En sus textos definió acertadamente y puso en papel las tesis del comunismo libertario, ideología predominante entre los anarquistas de finales del siglo XIX y comienzos del XX, que sustituyó al viejo colectivismo de Proudhon y Bakunin. El ideario comunista libertario consistía en defender la organización colectiva de la producción en comunas autosuficientes, regidas por una concepción del mundo estrictamente científica, unas relaciones sociales basadas en el apoyo mutuo y una moral de libertad, solidaridad y justicia. Un gran pensamiento, pero muy utópico y desgraciadamente imposible de poner en práctica, visto como se las gasta el ser humano. Pero fue un bonito intento teórico de igualar a los hombres.

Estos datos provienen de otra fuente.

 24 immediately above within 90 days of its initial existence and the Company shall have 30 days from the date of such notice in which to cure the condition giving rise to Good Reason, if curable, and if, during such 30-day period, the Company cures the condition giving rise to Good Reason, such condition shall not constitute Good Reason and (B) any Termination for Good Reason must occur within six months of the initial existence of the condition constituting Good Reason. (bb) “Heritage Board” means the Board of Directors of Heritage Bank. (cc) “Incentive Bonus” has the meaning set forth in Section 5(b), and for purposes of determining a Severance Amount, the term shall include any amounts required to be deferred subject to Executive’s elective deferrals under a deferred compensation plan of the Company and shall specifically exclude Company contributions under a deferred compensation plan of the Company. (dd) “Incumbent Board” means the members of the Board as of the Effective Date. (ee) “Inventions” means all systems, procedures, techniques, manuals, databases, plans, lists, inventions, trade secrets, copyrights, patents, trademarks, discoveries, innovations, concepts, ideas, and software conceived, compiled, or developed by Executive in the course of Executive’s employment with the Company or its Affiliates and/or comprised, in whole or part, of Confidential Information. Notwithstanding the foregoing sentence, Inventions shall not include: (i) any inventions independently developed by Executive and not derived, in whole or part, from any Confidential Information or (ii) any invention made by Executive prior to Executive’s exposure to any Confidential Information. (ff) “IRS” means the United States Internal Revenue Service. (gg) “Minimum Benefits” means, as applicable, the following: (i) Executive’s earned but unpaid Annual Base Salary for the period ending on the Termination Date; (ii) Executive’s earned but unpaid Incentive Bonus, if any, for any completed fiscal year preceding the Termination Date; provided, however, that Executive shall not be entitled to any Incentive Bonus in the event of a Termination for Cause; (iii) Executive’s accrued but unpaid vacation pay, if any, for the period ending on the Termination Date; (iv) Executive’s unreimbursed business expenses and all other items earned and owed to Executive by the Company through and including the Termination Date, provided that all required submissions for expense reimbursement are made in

El tema recurrente de los numerosos trabajos de Kropotkin fue la abolición de toda forma de gobierno en favor de una sociedad que se rigiera exclusivamente por el principio de la ayuda mutua (su principal idea, y título de uno de sus libros) y la cooperación, sin necesidad de instituciones estatales. Por eso no le gustó nada la dictadura del proletariado que había impuesto Lenin en la Santa Rusia. Esa sociedad ideal (comunismo anarquista o anarcocomunismo)Kropotkin, ya anciano sería la última fase de un proceso revolucionario que pasaría previamente por el anarco-colectivismo, posteriormente conocida como anarco-socialismo, teoría cercana al comunismo.

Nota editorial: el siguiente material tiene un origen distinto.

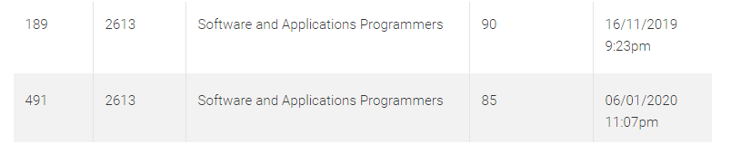 2613软件和应用程序员本轮共邀请288人。189 90分获邀,邀请到2019年11月16日,较上轮推进了1个半月。491亲属担保85分获邀,邀请到2020年1月6日,较上轮降低了10分。

Si en un principio, Kropotkin había partido de posiciones políticas extremistas que defendían la violencia para poner en práctica el ideario anarquista, con los años, como todos, se fue ablandando y moderando sus primitivas posturas de poner bombas a porrillo en todos lados. En sus últimos años, preconizó vías de acción eminentemente políticas, guardó las bombas, puñales y pistolas en el baúl, y valoró positivamente la lucha sindical como medio de despertar la conciencia revolucionaria de las masas, bastante adormecida hasta entonces. Pero de resultas de ir tanto el cántaro a la fuente, estalló la Revolución Rusa en 1917, en plena Guerra Mundial. Regresó a Rusia, pero viendo lo que se cocía allí, y que no tenía nada que ver con las premisas revolucionarias y comunistas, se puso a criticar a diestro y siniestro la dictadura bolchevique. Del viejo aristócrata de nacimiento que fue no quedaban ni las migajas. Murió en 1921 cuando intentaba formar un grupo político de inspiración anarquista en la Rusia soviética, desilusionado con una puesta en práctica errónea de las tesis comunistas. Y es que no podía ser de otra forma. ¡Ay, el hombre!